La puissance des analyses statistiques est parfois limitée principalement par manque d’effectif. C’est le cas sur le site des Colimaçons où la grande variabilité des données selon les blocs ne peut être expliquée. Sur ce site, la différence de qualité de préparation de terrain avant plantation, bien que ne montrant pas de différence sur le plan de l’analyse chimique, peut masquer des différences de sol (structure - contact entre les boutures et la terre humide) qui ont pu engendrer des développements différents, décalées selon les plantes d’une même variété. N’ayant pas pu comparer les performances entre sites il est impossible de conclure sur les valeurs éventuellement communes des températures seuils et de l’effet de la température en général pour chacun des processus étudiés après la phase de débourrement-levée.

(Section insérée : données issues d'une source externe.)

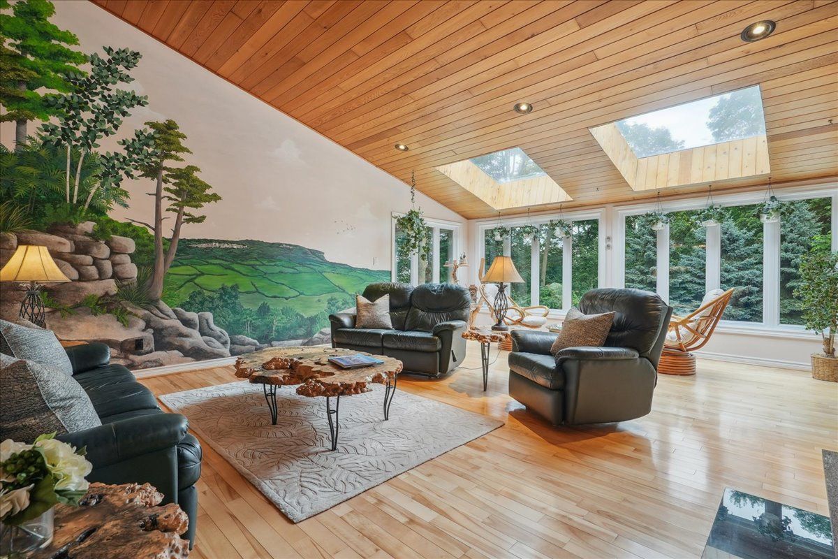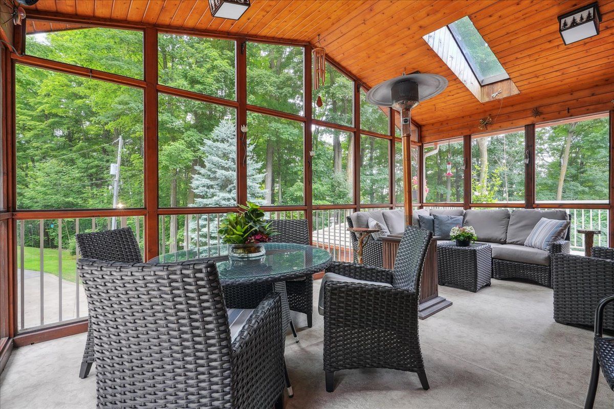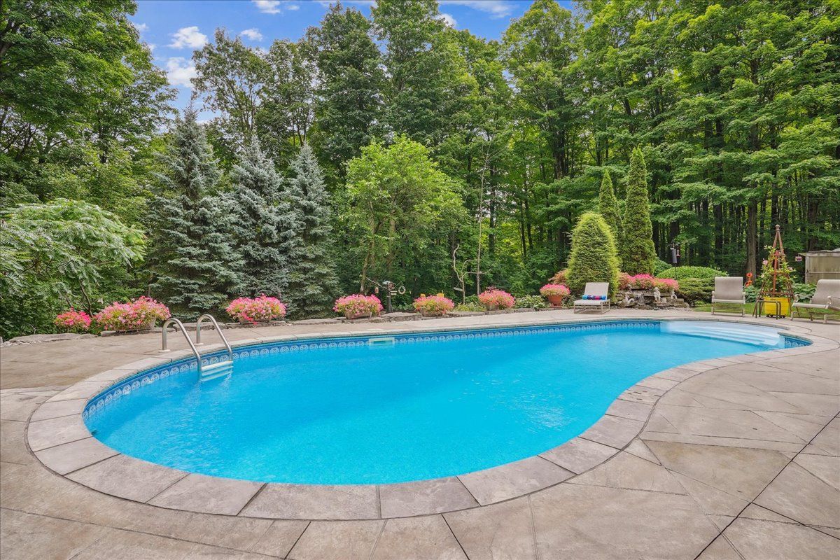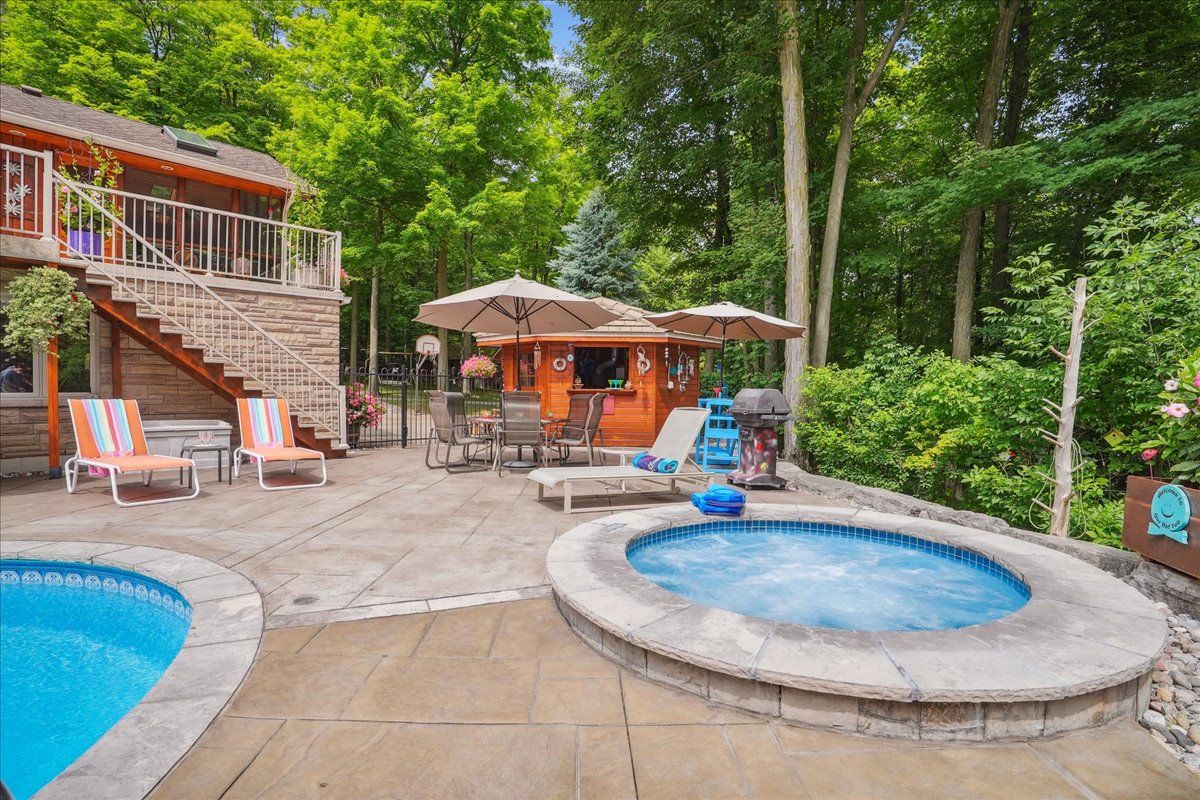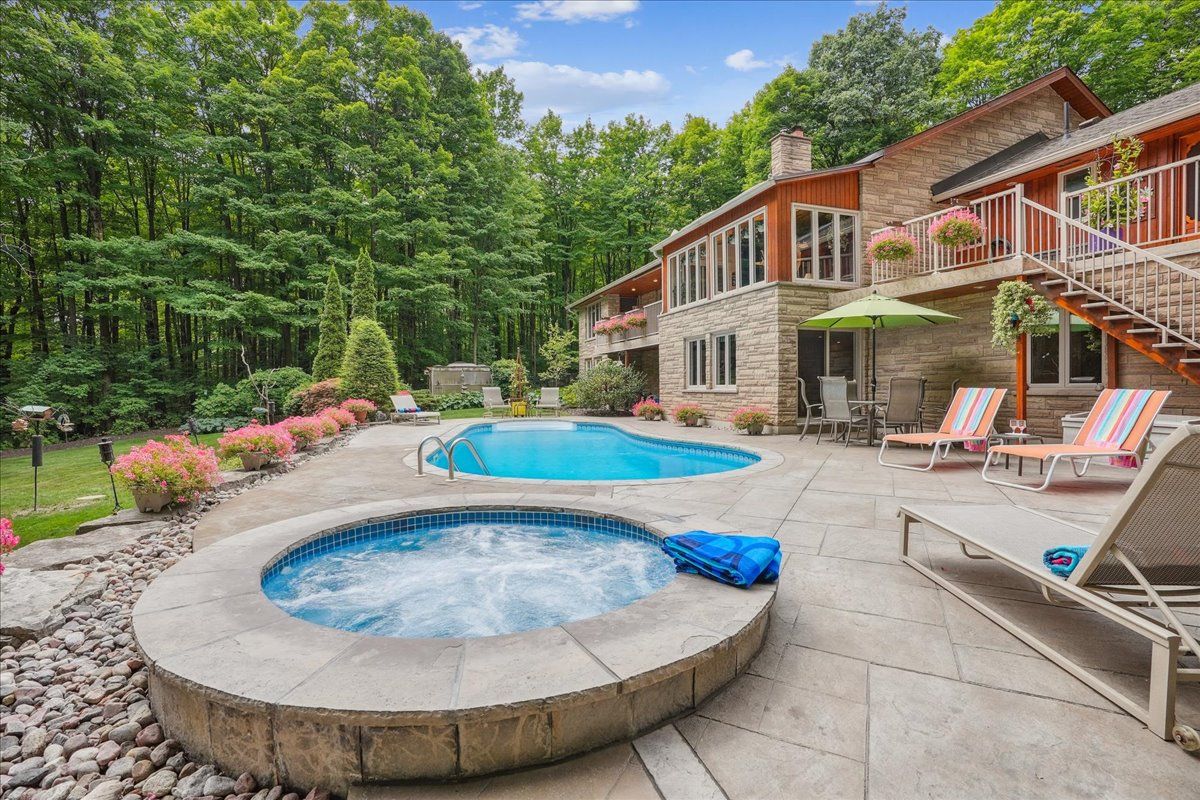 Discover an unparalleled gem rarely available on the market: a private and serene estate with a custom-designed home that fulfills every dream. Set on over 10 lush acres amidst the stunning niagara escarpment, this meticulously cared-for property is just minutes from the 401 and downtown milton. Surrounded by vibrant perennial gardens and towering mature trees, this home is perfectly positioned in the heart of halton conservation's premier parks. You'll be just moments from kelso conservation area, rattlesnake point, crawford lake, hilton falls, and the bruce trail ideal for outdoor enthusiasts and nature lovers. The custom-built bungalow features over 6,000 sq. Ft. Of exquisite living space. Its open-concept design showcases vaulted ceilings, a double-sided stone fireplace, a spacious kitchen with pine cabinets, granite countertops, and an island. A convenient wet bar, elegant dining room, and a fantastic outdoor screen room offers the perfect space for 3-season entertaining. Enjoy stunning views from walkout decks off the kitchen, screen room, sun room, and master bedroom balcony. The lower level is a haven of relaxation and recreation. You will find a large recreation room with a cozy wood-burning stove, a games room, four additional bedrooms, and access to a three-car garage. Walk out to a luxurious inground pool with a hot tub, cabana, and a soothing water feature. The home is equipped with a 400-amp electrical service, a propane-powered generator, and a geothermal heating and cooling system. A separate two-car garage provides the ideal "man cave" and additional storage for garden equipment. Garden enthusiasts will love the large greenhouse/potting shed, and the property boasts a fire pit with a patio area, night landscape lighting, and over one kilometer of meticulously groomed walking trails. Why settle for a cottage when you can have this dream home without the drive? Experience the ultimate in luxury and tranquility this is truly what dreams are made of!
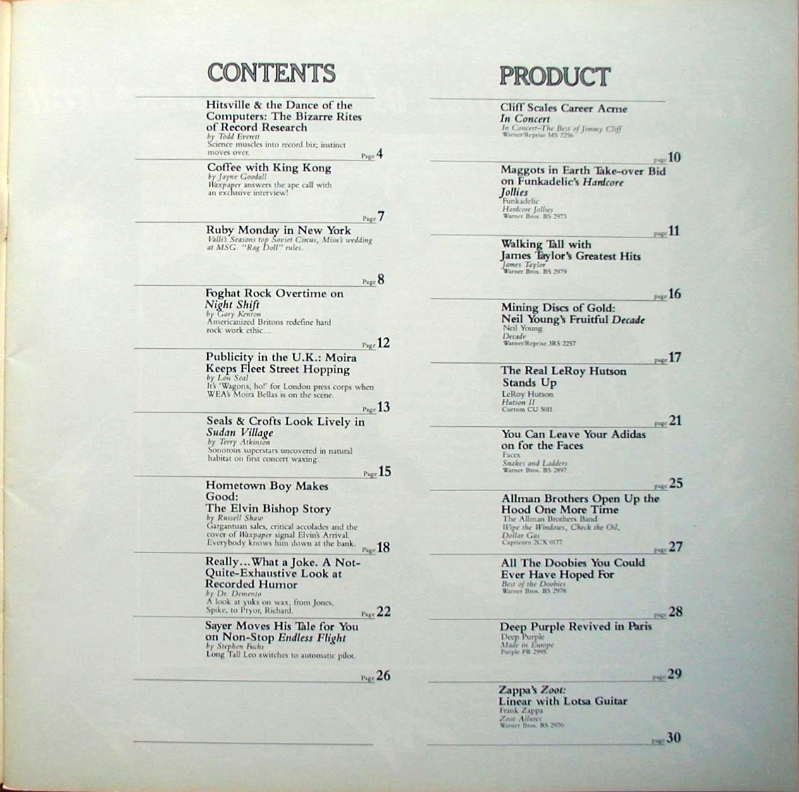 described by editor Gene Sculatti as a "chatty p.r. magazine"
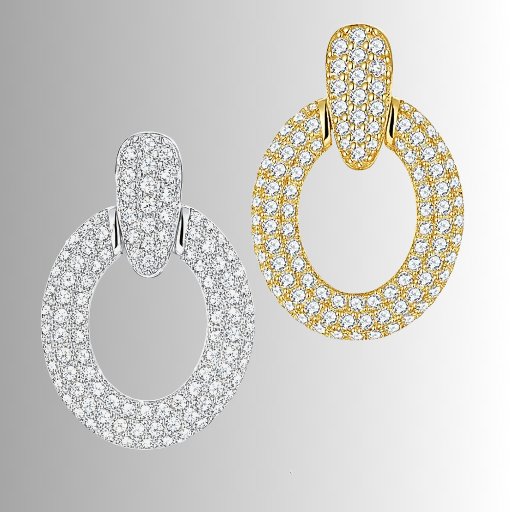 Questi orecchini pendenti con pavé di moissaniti interpretano l’eleganza classica con un design che mette la luce al centro della scena. La struttura importante ma armoniosa crea una composizione che valorizza il viso con riflessi intensi e continui, mantenendo sempre una linea raffinata e ordinata. La forma a goccia che sostiene l’elemento ovale introduce movimento e profondità visiva. Ogni superficie riflette la luce in modo diverso, generando una brillantezza diffusa che accompagna i gesti con naturalezza. Non è un gioiello discreto, ma un accessorio pensato per chi ama indossare la luce con sicurezza e carattere. Il risultato è un equilibrio tra eleganza e personalità: un modello luminoso, strutturato e deciso, capace di completare uno stile sofisticato senza perdere la sua essenzialità.
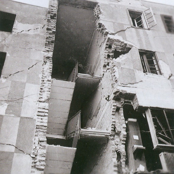 Šahovnica po bombnem napadu zavezniških sil marca 1945. Zadnjo stran so pri rekonstrukciji nekoliko spremenili.
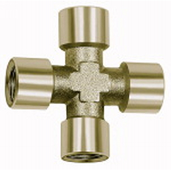 Kreuzstück, 4 x innen, G 1/4, SW 13, Betriebsdruck max. 60 bar, Betriebstemperatur max. 150 °C, Messing vernickelt.
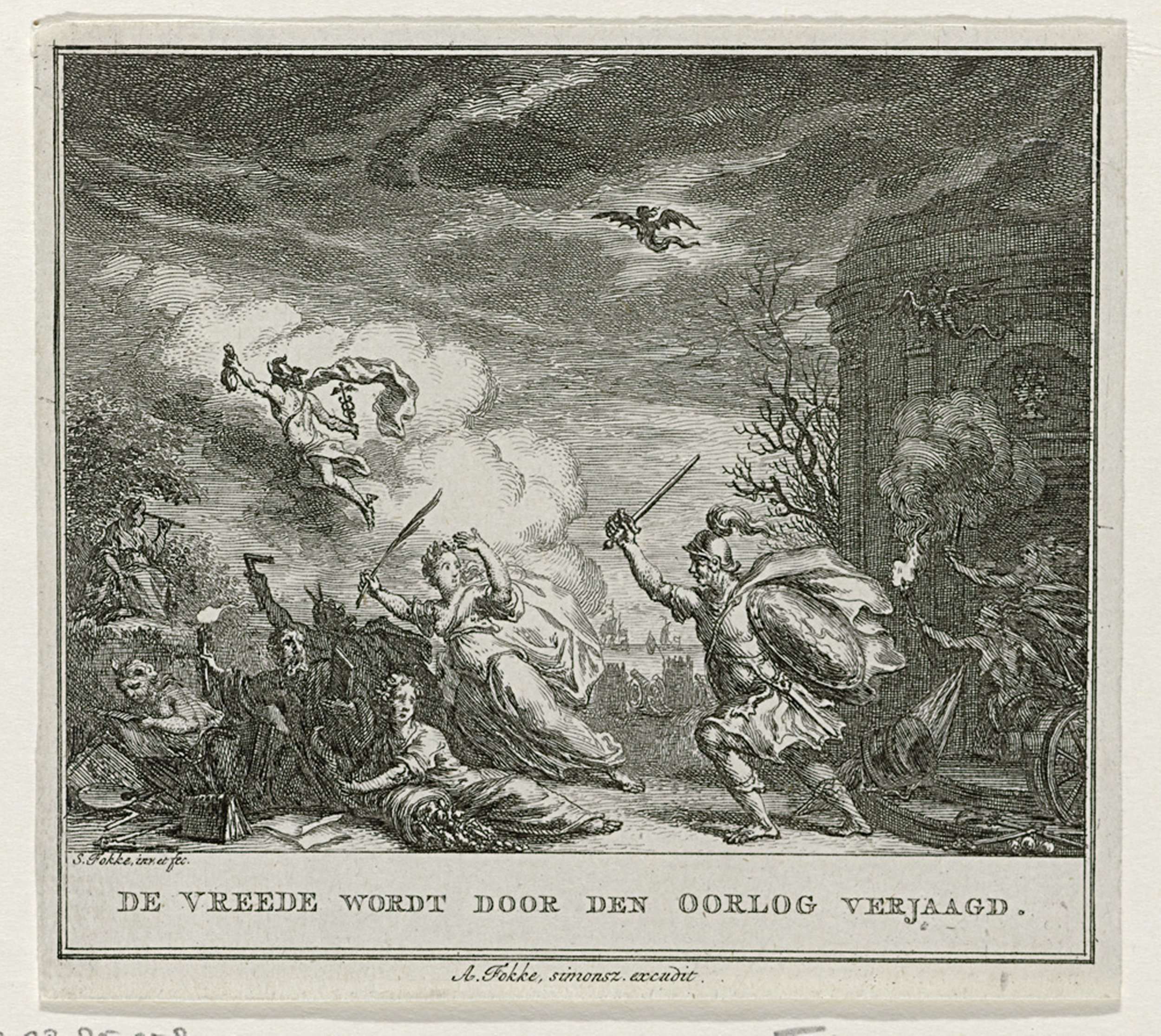 Allegorische voorstelling waarin de Oorlog de Vrede verjaagt. Rechts de tempel van Janus. Onderdeel van een groep illustraties met kleine allegorieën op de politieke situatie in het jaar 1780.
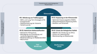 Die Elektrifizierung des öffentlichen Nahverkehrs in Indonesien, die Wiederherstellung von Mangrovenwäldern in Mexiko, der Austausch von Erdölkraftwerken gegen Erneuerbare Energie in Ägypten oder die sozialverträgliche Renaturierung ehemaliger Bergwerksregionen in Südafrika: Diese Beispiele geben einen kleinen Einblick in die enorme Bandbreite der Herausforderungen, die die Staatengemeinschaft bewältigen muss, um die globalen Klima- und Biodiversitätsziele bis 2050 zu erreichen.
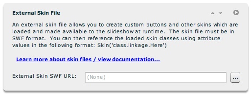 This pod allows you to specify a custom SWF skin file which contains skin assets for the slideshow. These skin files can be used, for example, to customize buttons and other skinnable assets. Icons can be embedded as well. All embedded skin and icon assets which have an export linkage class will then be accessible in the slideshow by using the following format in a Skin or Icon field:
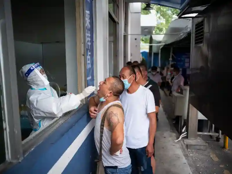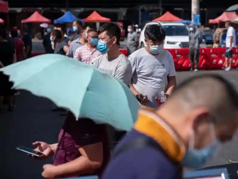 外省货车司机排队进行核酸采样。离穗需出示核酸检测阴性证明的政策施行后,卫健、公安等部门联合松洲街踩点勘察,与经营方协调,半天时间在江南市场内设置了外省货运司机核酸检测点,24小时内可出报告。核酸检测点派驻6—10名医护及工作人员,每日检测约1000人次,已累计检测一万人次以上。
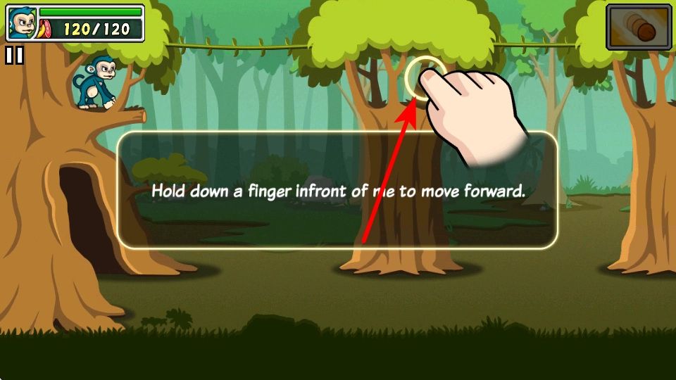 2、在丛林场景中,长按屏幕前方区域,可操控猴子向前移动,这是探索场景、推进进程基础操作,持续长按控制移动。
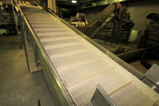 16 ft. L S/S Inclined Conveyor System, with 24" W Intralox Belt with 8" Flights, Siderails, SKK Drive, up to 65" H Leg Supports
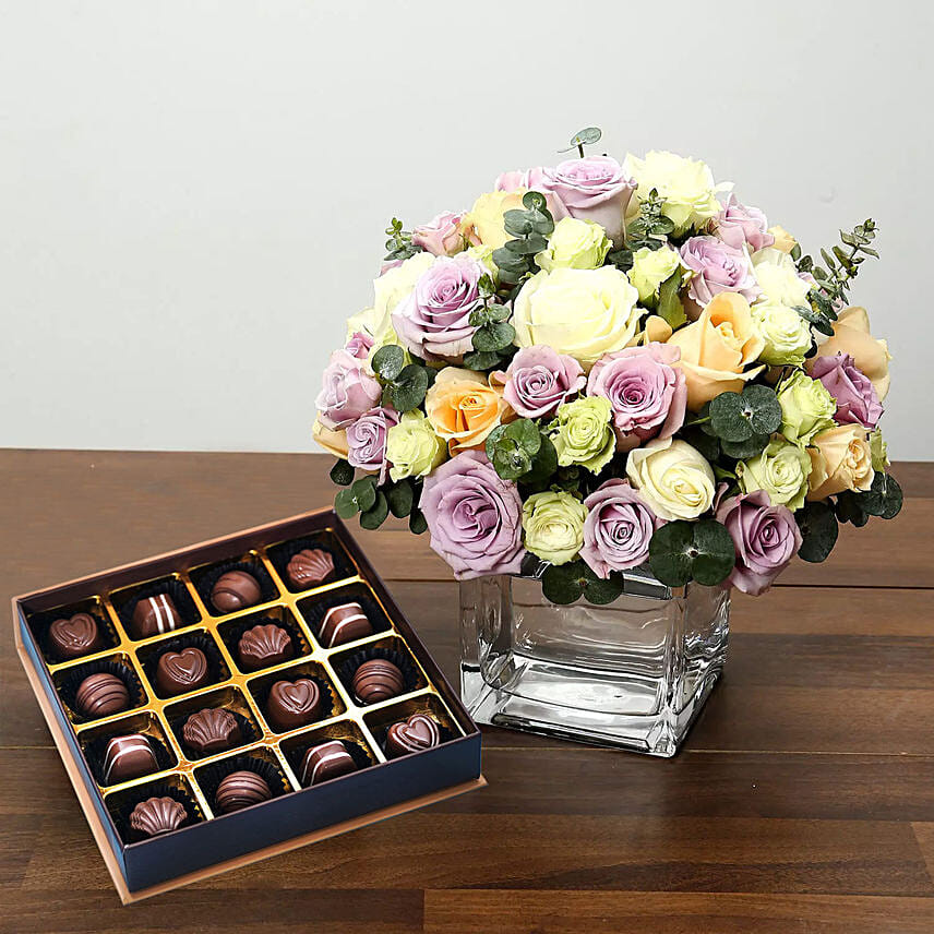 Purple and White Roses Array With Belgian Chocolates
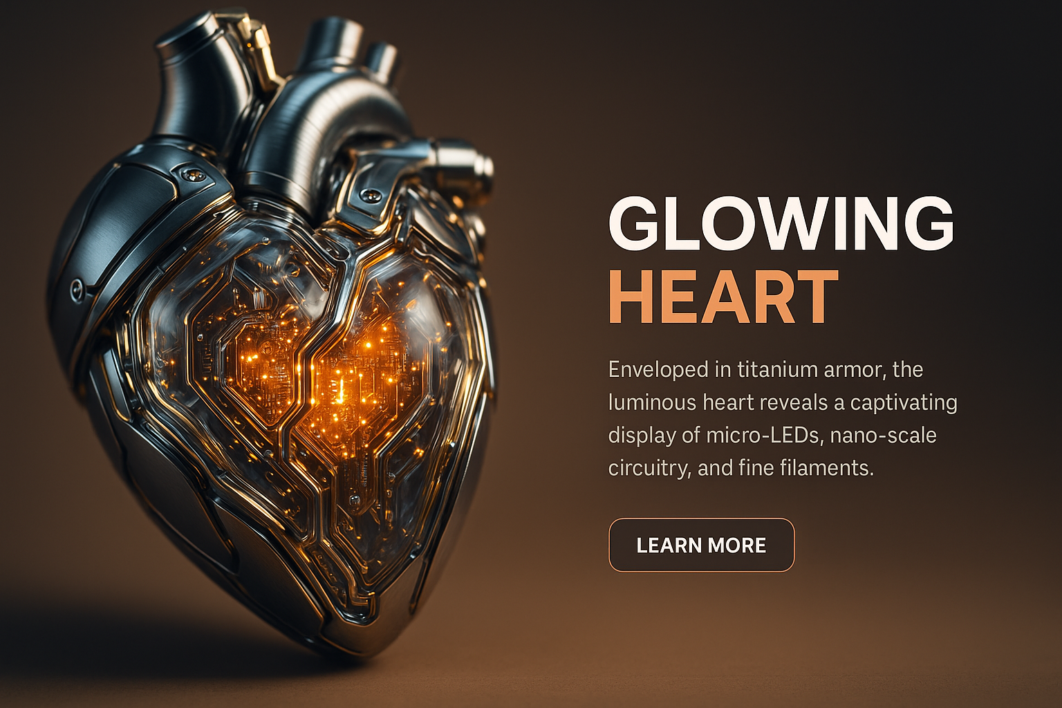 /Collection: /by davooda/Type: PNG/A hyperrealistic close-up of a glowing heart encased in titanium armor. The heart showcases intricate micro-LEDs, circuit boards, and metallic components, reflecting light beautifully.

Les levées retardées entrainent un fonctionnement ralenti de la plante et s’amplifie au cours des processus qui procurent alors des mesures perturbées et donc les données entachées d’une trop grande variabilité. Il existe plusieurs pistes dans le protocole de mise en place des pieds à étudier, qui permettraient de ne considérer que les processus ultérieurs à la levée : (i) La sélection de pieds viables parmi les levées les plus homogènes et rapides, (ii) l’utilisation de pieds prélevés et transplantés ou de boutures classiques à 3 bourgeons plantées à l’horizontal.